__Records supplied__
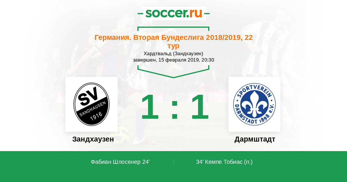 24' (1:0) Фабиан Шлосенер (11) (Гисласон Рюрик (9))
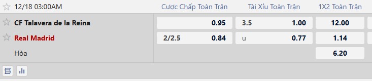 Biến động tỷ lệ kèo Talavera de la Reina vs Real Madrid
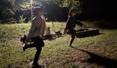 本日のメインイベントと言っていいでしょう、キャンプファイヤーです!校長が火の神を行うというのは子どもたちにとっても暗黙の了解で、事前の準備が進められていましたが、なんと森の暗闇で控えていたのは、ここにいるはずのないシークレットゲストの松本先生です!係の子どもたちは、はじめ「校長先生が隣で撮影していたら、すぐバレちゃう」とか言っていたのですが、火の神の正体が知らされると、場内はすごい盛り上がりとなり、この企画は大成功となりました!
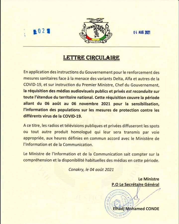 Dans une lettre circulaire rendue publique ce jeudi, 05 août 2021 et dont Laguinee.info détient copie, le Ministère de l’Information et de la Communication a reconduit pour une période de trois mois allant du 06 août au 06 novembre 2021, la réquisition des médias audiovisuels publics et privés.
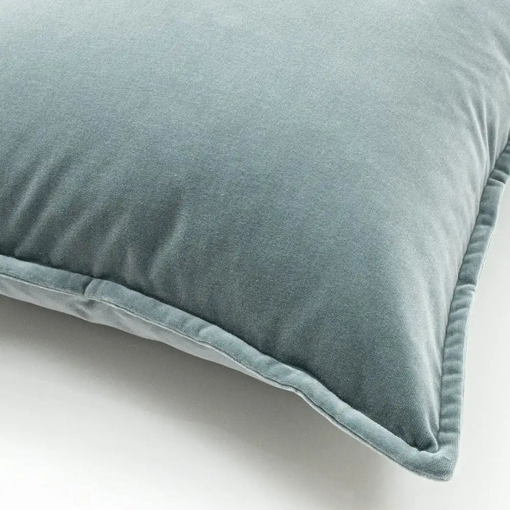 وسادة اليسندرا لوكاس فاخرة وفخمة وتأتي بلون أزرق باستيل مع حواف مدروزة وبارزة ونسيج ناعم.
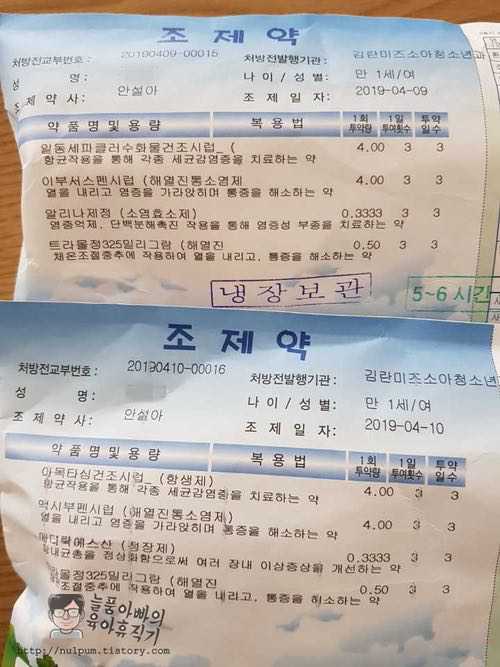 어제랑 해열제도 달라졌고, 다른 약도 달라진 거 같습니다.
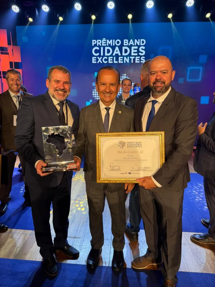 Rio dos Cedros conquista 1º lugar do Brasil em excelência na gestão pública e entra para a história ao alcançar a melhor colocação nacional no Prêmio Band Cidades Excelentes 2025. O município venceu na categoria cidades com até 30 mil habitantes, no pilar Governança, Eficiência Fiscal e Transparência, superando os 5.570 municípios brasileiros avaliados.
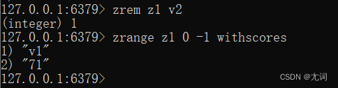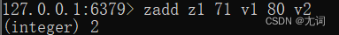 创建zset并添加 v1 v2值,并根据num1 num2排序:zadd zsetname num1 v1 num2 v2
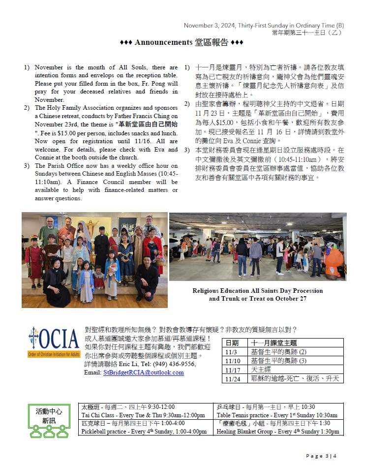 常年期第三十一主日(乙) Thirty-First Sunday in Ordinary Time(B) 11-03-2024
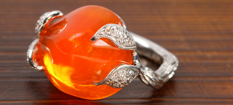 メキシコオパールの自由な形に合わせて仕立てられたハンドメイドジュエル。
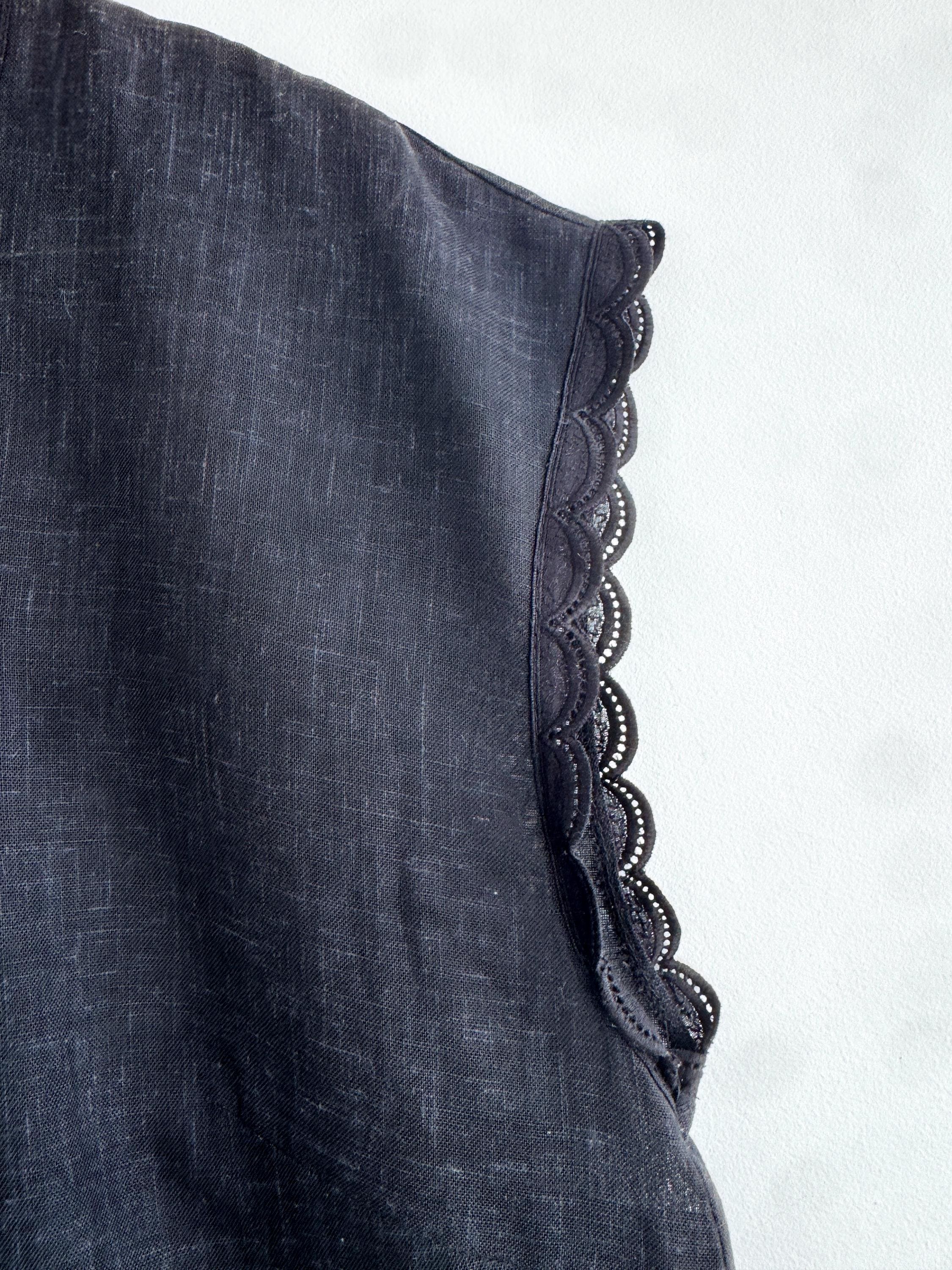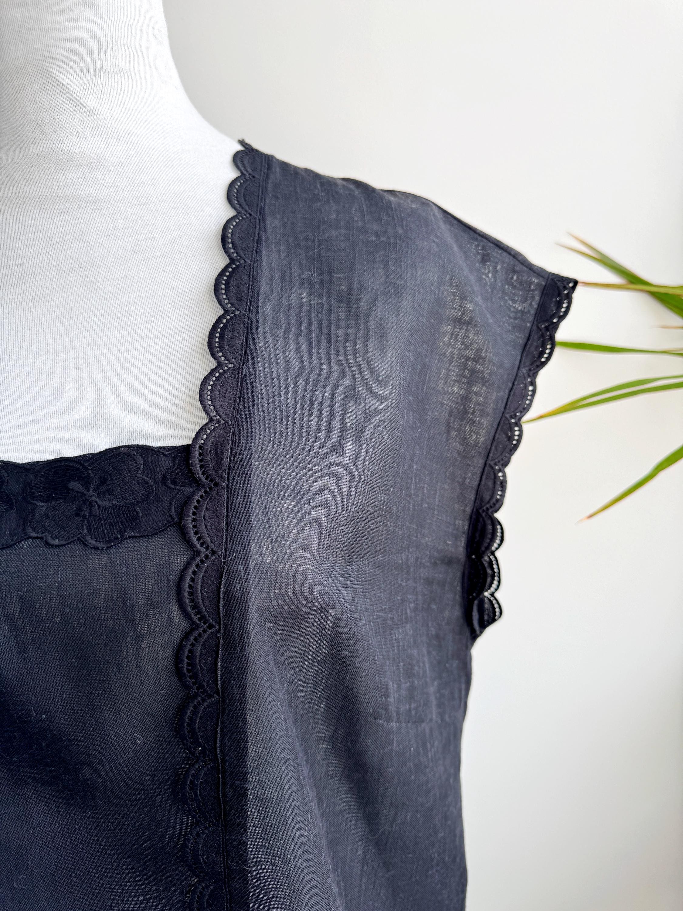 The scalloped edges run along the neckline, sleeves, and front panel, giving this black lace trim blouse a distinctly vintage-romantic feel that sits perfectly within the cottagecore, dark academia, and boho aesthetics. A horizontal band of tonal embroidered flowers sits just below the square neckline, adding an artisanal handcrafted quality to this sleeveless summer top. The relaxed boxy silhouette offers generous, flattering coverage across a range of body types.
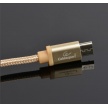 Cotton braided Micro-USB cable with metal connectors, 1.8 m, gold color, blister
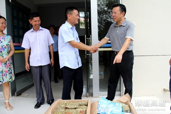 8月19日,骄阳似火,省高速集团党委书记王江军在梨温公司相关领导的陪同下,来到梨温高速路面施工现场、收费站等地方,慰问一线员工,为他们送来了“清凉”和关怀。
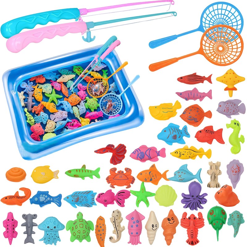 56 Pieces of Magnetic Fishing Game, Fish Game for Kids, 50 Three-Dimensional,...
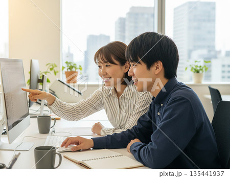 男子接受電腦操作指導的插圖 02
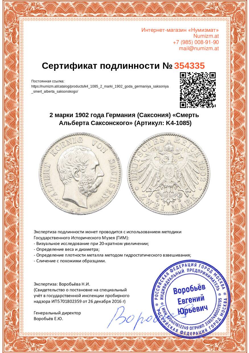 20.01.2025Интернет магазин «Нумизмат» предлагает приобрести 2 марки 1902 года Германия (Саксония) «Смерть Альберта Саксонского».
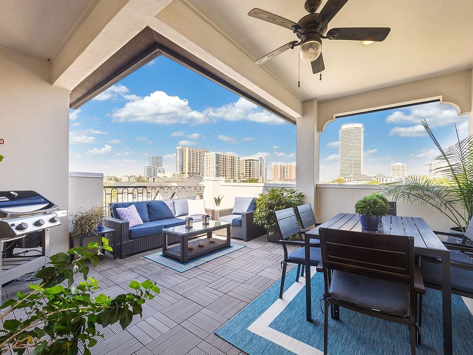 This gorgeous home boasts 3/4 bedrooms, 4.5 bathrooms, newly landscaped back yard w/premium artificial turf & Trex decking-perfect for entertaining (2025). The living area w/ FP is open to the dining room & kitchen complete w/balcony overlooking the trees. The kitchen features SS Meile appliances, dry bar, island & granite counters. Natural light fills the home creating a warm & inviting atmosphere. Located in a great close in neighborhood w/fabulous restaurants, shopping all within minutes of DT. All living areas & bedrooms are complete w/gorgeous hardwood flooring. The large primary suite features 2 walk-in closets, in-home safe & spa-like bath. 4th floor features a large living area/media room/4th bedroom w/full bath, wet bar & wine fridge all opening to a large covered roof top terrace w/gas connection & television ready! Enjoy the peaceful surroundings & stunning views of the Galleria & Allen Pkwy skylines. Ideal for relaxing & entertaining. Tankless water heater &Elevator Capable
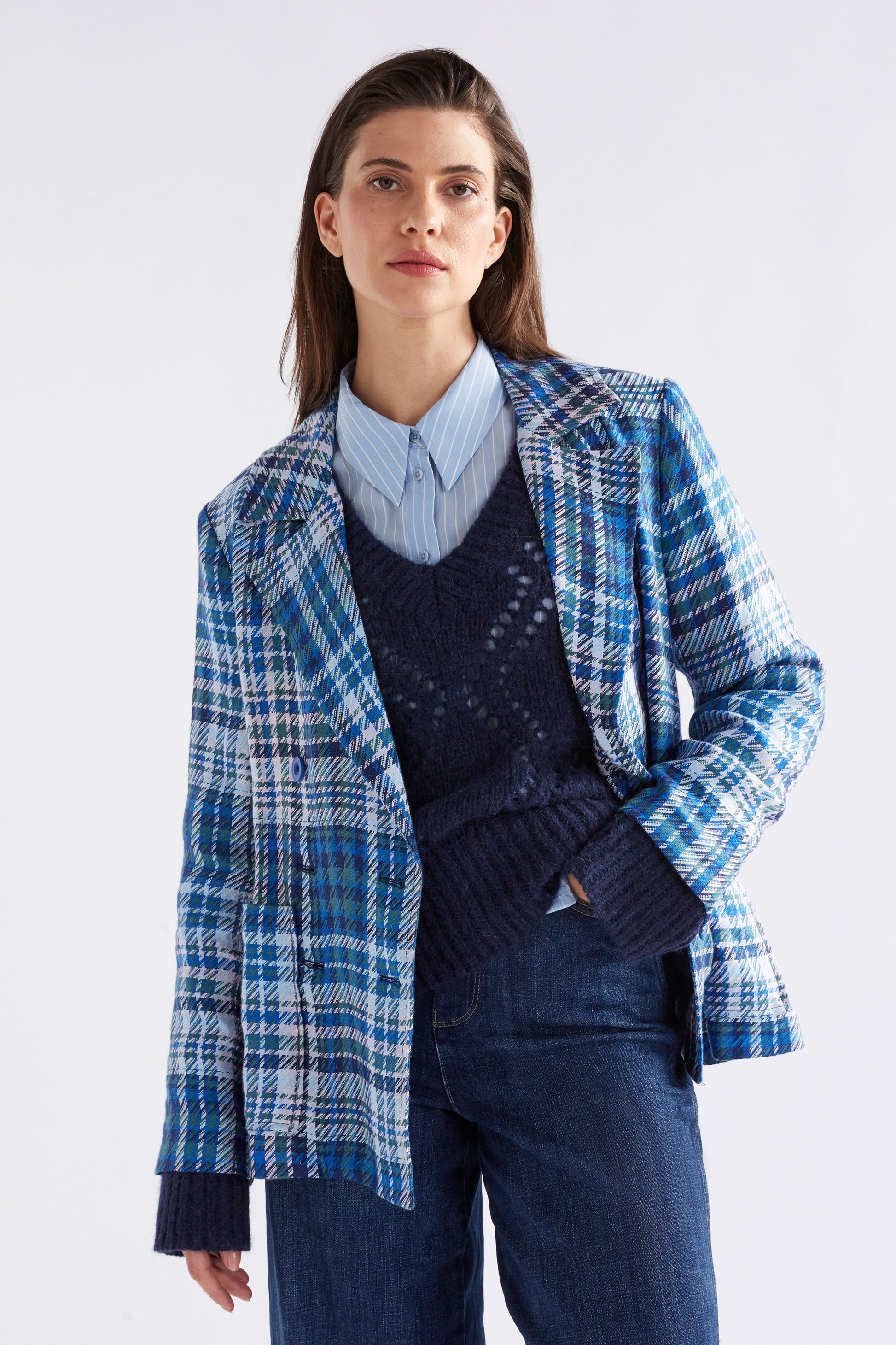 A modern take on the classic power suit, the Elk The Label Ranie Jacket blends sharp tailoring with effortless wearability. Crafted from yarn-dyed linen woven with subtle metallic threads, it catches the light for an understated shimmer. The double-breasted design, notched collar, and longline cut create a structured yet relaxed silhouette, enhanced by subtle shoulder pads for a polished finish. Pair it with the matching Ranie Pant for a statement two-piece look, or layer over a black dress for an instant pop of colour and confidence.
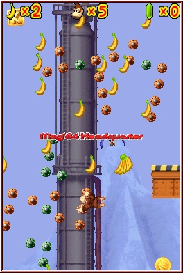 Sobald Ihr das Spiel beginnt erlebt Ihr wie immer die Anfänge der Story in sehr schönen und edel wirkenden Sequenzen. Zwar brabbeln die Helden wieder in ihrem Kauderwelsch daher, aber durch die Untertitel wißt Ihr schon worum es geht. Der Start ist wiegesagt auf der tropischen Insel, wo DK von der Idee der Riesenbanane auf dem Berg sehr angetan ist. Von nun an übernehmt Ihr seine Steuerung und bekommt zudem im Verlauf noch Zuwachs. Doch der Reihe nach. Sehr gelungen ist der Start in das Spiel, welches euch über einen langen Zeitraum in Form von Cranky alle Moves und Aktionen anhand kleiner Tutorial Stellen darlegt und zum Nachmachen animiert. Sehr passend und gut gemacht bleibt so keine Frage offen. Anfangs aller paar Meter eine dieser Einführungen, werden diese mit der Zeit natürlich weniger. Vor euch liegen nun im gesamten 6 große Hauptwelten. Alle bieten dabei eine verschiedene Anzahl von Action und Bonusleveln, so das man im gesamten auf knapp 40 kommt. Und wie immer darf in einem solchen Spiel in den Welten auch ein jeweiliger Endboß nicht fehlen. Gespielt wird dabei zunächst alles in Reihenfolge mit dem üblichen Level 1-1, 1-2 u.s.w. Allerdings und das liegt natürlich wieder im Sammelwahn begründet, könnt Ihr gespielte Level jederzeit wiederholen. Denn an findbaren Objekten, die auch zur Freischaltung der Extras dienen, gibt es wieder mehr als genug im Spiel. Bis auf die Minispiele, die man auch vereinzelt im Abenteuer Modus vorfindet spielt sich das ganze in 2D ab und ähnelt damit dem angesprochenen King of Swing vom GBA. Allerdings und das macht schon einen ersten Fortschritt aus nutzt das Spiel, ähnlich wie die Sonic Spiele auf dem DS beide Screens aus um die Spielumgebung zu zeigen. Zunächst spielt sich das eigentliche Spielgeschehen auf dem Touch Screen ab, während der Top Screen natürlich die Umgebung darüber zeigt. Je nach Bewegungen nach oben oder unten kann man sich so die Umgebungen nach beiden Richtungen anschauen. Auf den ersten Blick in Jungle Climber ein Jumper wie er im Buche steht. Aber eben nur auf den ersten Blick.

__What you are asked to do__
Write out each line of the data above exactly, starting at the top and finishing with the line containing "Biến động tỷ"; omit the pictures.

__Exercise solution__
 24' (1:0) Фабиан Шлосенер (11) (Гисласон Рюрик (9))
 Biến động tỷ lệ kèo Talavera de la Reina vs Real Madrid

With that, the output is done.